関税協議の進展やパウエル議長の動向に注目が集まろう
4/28~5/9の米国株式市場は、神経質な展開を想定。
足もとでは、FRBの独立性が損なわれることへの懸念から「米国離れ」が進む場面もあり、関税リスクも相まって市場のボラティリティが高止まりしている。「恐怖指数」とも呼ばれるVIXは、4/3以来30pt前後以上の高水準で推移している。もっとも、4/22の米国株式市場は大幅に上昇。ベッセント財務長官が米中貿易摩擦の緩和を見込む発言をしたと報じられたことが追い風となったようだ。また、ホワイトハウスの報道官は「18カ国から提案が文書で寄せられている」と明らかにしており、今後は各国との関税協議が進展するにつれて買戻しの動きが出てくると考える。

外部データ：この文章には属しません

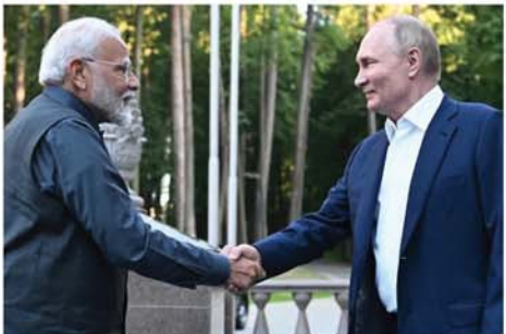
လျှောက်ရင်း လိုက်လံပြသခဲ့သည်။ ခင်ရင်းနှီးစွာ အလွတ်သဘော ပြောဆိုခဲ့ကြသည်။ နာရင်ဒရာမိုဒီနှင့် တွေ့ပြီး

မော်စကို ဇူလိုင် ၉ အိန္ဒိယဝန်ကြီးချုပ် နာရင်ဒရာမိုဒီ ဇူလိုင် ၈ ရက်က ရုရှားနိုင်ငံသို့ ချစ်ကြည်ရေးအလည်အပတ်ရောက်ရှိလာရာ ရုရှားသမ္မတ ဗလာဒီမာပူတင်က မော်စကိုမြို့ပြင် နှိမ့်အိုဂါယိုဗိုဒေသရှိ ငှင်း၏အိမ်၌ ကြိုဆိုစဉ်ဝတ်ပြု နှုတ်ဆက်ခဲ့ကြောင်း အယ်လ်ဂျာဇီရာသတင်းဌာနက ဖော်ပြသည်။ ထို့နောက် အိမ်ရှင်သမ္မတ ဗလာဒီမာပူတင်က နေအိမ်ဝင်းထဲအနှံ့ နာရင်ဒရာမိုဒီကို လမ်းထိုသို့ လမ်းလျှောက်ရင်းနှင့် ချစ်
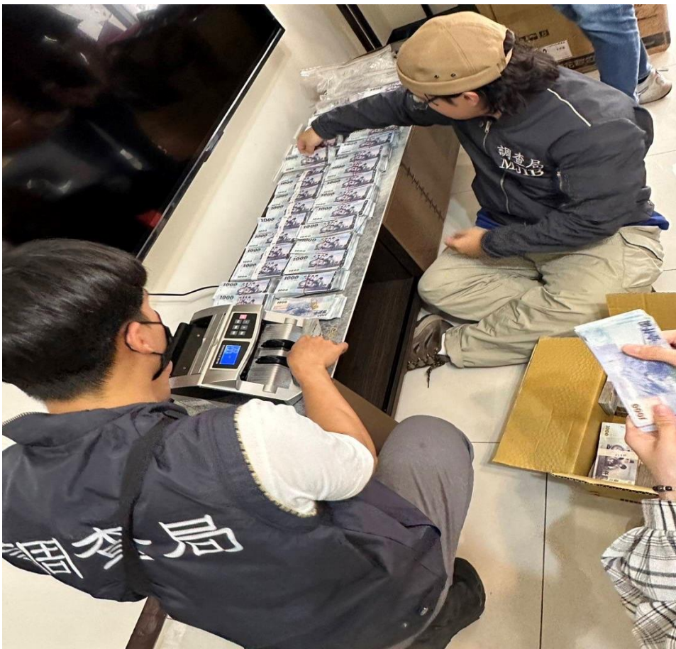
調查人員在搜索現場清點扣押現金
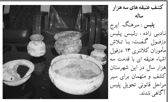
کشف عتیقه های سه هزار ساله
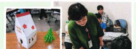
▲夏休み子ども工作教室 夢中になって、素敵な作品を完成させました
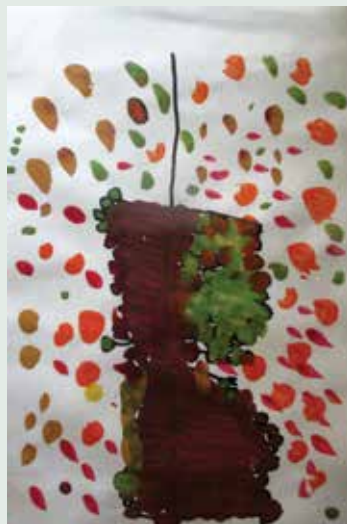
Slika 2: Izražam.
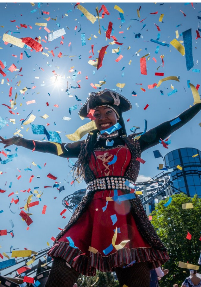
Der Europa-Park feiert 2025 seinen 50. Geburtstag
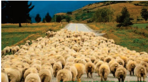
O Portal para o Paraíso
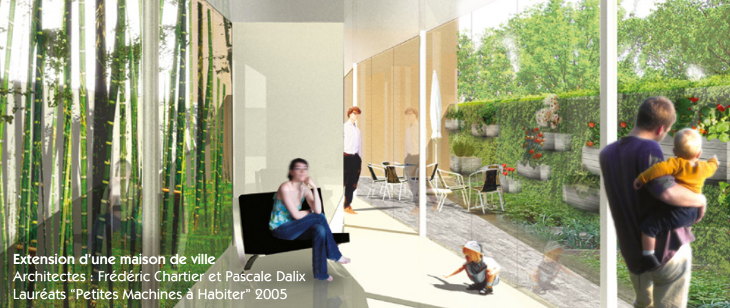
Extension d'une maison de ville Architectes : Frédéric Chartier et Pascale Dalix Lauréats "Petites Machines à Habiter" 2005
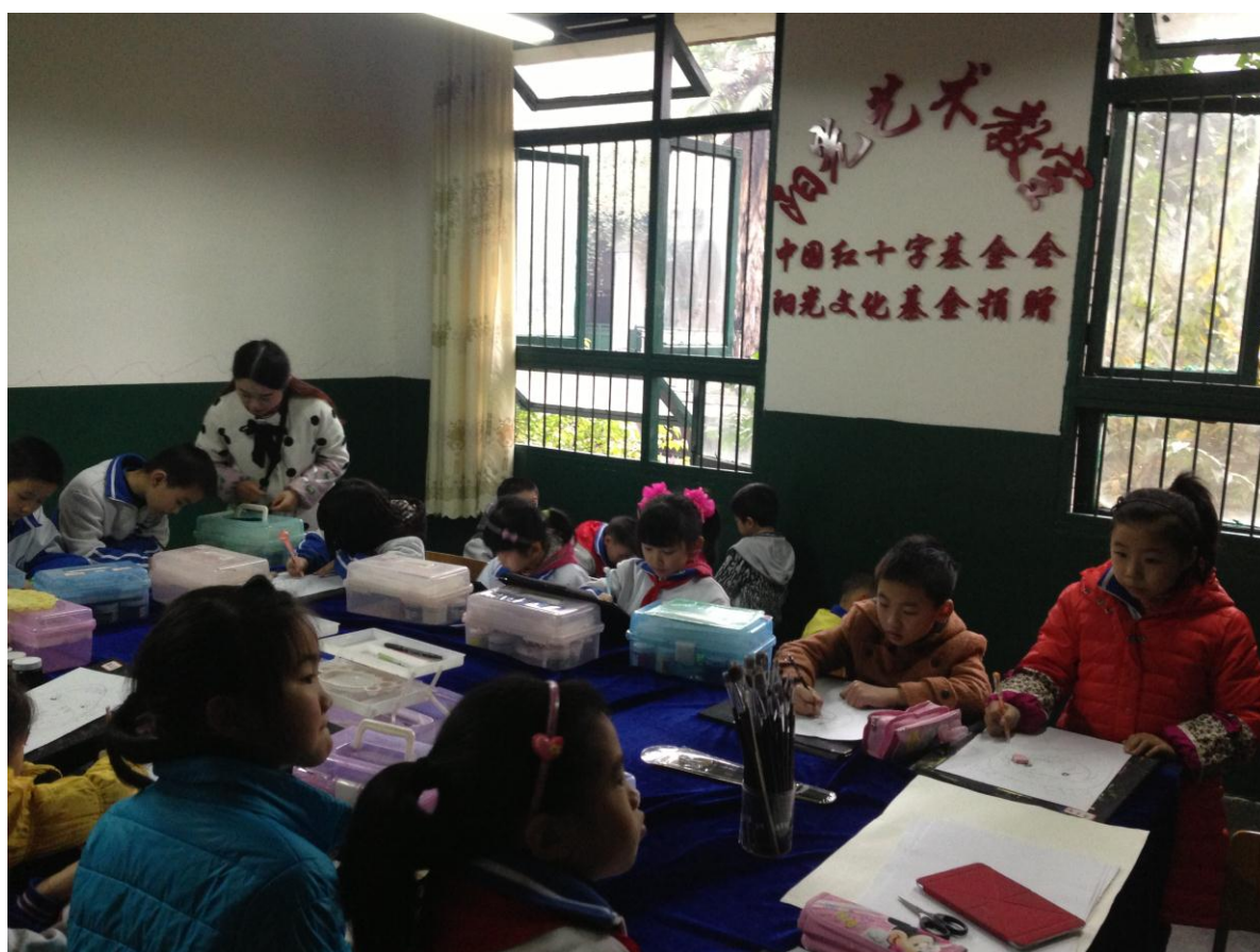
图 19 成都蜀辉学校的阳光艺术教室及绘画班

回访中，各学校的“阳光艺术教室”及项目宣传册均有体现项目标识和捐方，各项目负责人都能说清楚项目资金来源及主要用途，尤其是成都的两所学校。总体来看，对于项目宣传和理解比较到位。
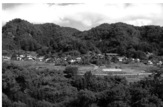
中之条町六合赤岩重要伝統的建造物群保存地区

養蚕農家が建ち並び養蚕を主産業とした山間の集落の姿を残す「中之条町六合赤岩 なかのじょうまちく にあかいわ 」と、多くの織物工場や店舗等の建造物が絹織物業を中心に発展した町の歴史を伝える「桐生市桐生新町 きりゅうしきりゅうしんまち 」が、国の重要伝統的建造物群に選定されている。いずれも群馬県の特徴である蚕糸業に関連する文化財であり、日本遺産「かかあ天下ーぐんまの絹物語ー」を構成する文化財にもなっている。
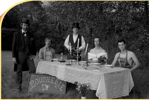
2017. Paroles et musique: Jacko & the Waschmachine
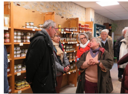
Visite du local des producteurs à Rémuzat
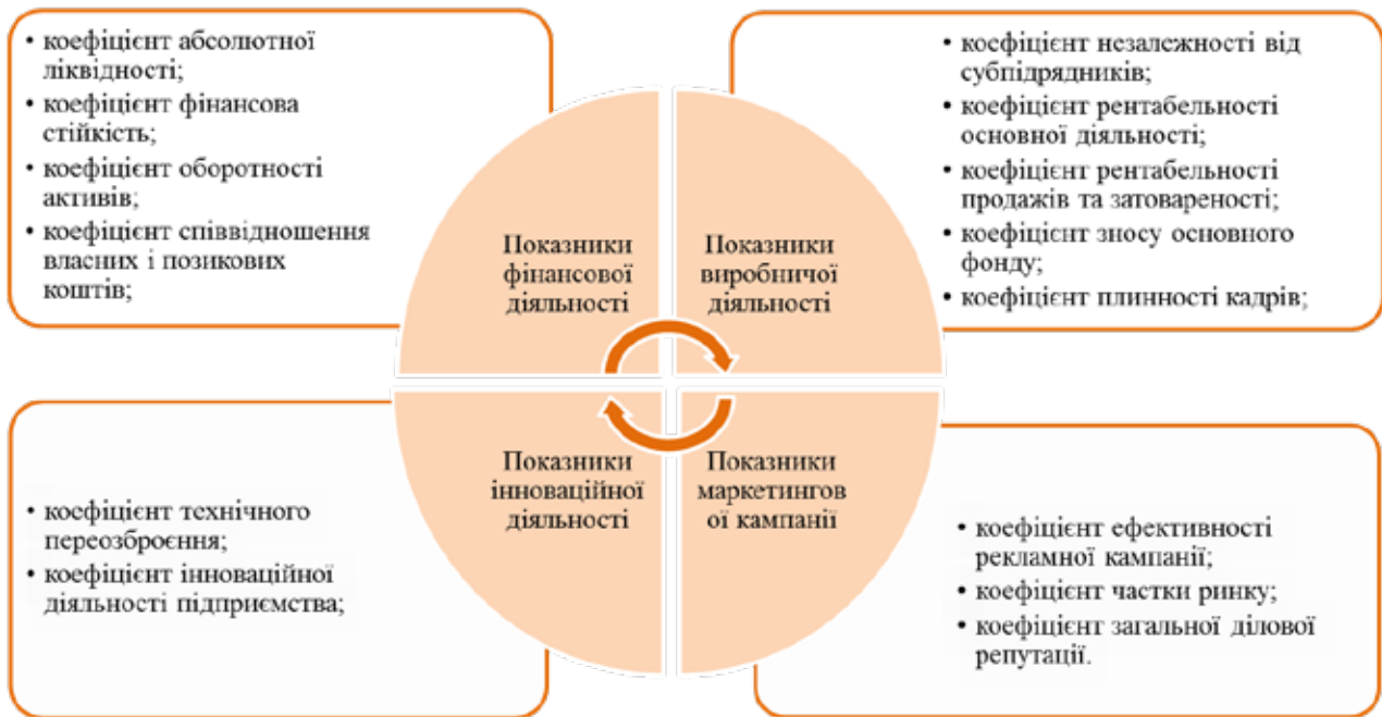
Рис. 3. Система показників оцінки конкурентоспроможності підприємства
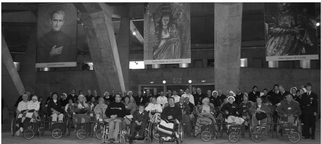
A magyar zarándokok a föld alatti templomban, a Csíksomlyói Szüz Mária képe alatt
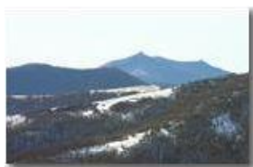
I forti di Genova: Diamante e Fratello Minore visti da nord

Pietro Marcheselli - Canon EOS 300D 2008 - Inverno - Savignone - Paesi
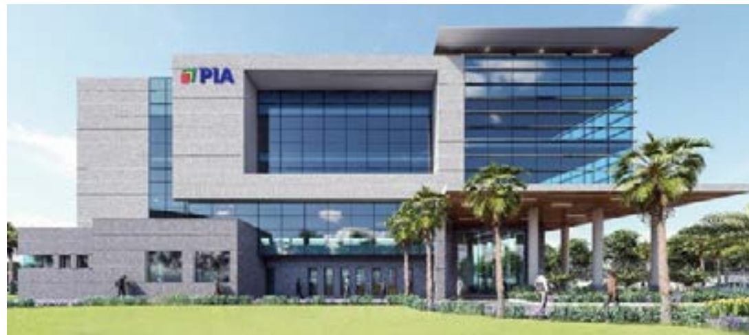
Le bâtiment abritant le guichet unique

vient adouber l'engagement écologique de la PIA suite à son association avec le Français CrystalChain, spécialisée en matière de traçabilité des gaz à effet de serre, en vue d'atteindre la neutralité carbone. Le système d'évaluation LEED est un programme de

5/6~7にFOMCが開催される。パウエルFRB議長は利下げに慎重な姿勢を示していることから、政策金利は据え置かれるとの見方が強い。注目されるのは会見での発言になりそうで、トランプ大統領の批判に対する言及の有無や内容次第では、FRBの独立性が改めて意識される可能性があろう。
4/22、国際通貨基金(IMF)は四半期に1度の世界経済見通しを公表した。米国は25年が1.8%、26年が1.7%とし、前回の1月予測から各々0.9%pt、0.4%pt下方修正となった。トランプ大統領は景気減速を「短い移行期間」としているが、IMFは景気後退に陥る確率を37%とした。
トランプ関税による景気後退懸念と併せて米国資産の信用基盤が揺らいでおり、不安定な相場展開が続くことが想定される。目先は、ディフェンシブ銘柄や長期投資以外は戻り売りの戦略を意識したい。